PROBLEM TO SOLVE:
Give the data below again exactly, and drop each picture from it.

DATA PROVIDED START

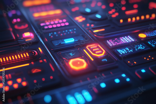 © Nova_Art, Obraz premium Digital audio mixing console with technology and sound elements
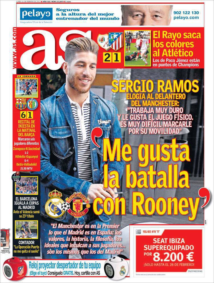 AS RAMOS – Sergio Ramos, difensore del Real Madrid, parla del duello con Rooney.
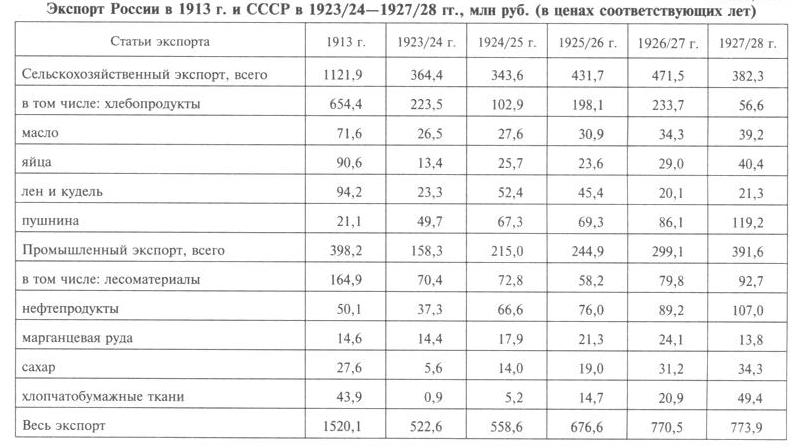 Таблица 22. Экспорт России в 1913 г. и СССР в 1923/24—1927/28 гг., млн руб. (в ценах соответствующих лет)
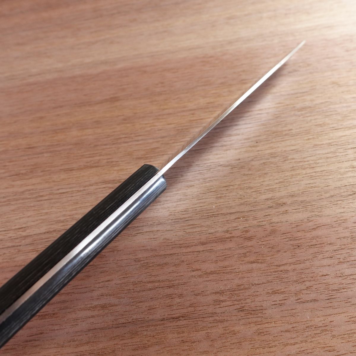 The Santoku is a versatile all-purpose knife widely used for preparing meat, fish, and vegetables. This is an unused stored item, and we did not sharpen it to avoid adding sharpening marks. Please allow for storage dirt or small scratches.

DATA PROVIDED END

WRITTEN REPLY:
 © Nova_Art, Obraz premium Digital audio mixing console with technology and sound elements
 AS RAMOS – Sergio Ramos, difensore del Real Madrid, parla del duello con Rooney.
 Таблица 22. Экспорт России в 1913 г. и СССР в 1923/24—1927/28 гг., млн руб. (в ценах соответствующих лет)
 The Santoku is a versatile all-purpose knife widely used for preparing meat, fish, and vegetables. This is an unused stored item, and we did not sharpen it to avoid adding sharpening marks. Please allow for storage dirt or small scratches.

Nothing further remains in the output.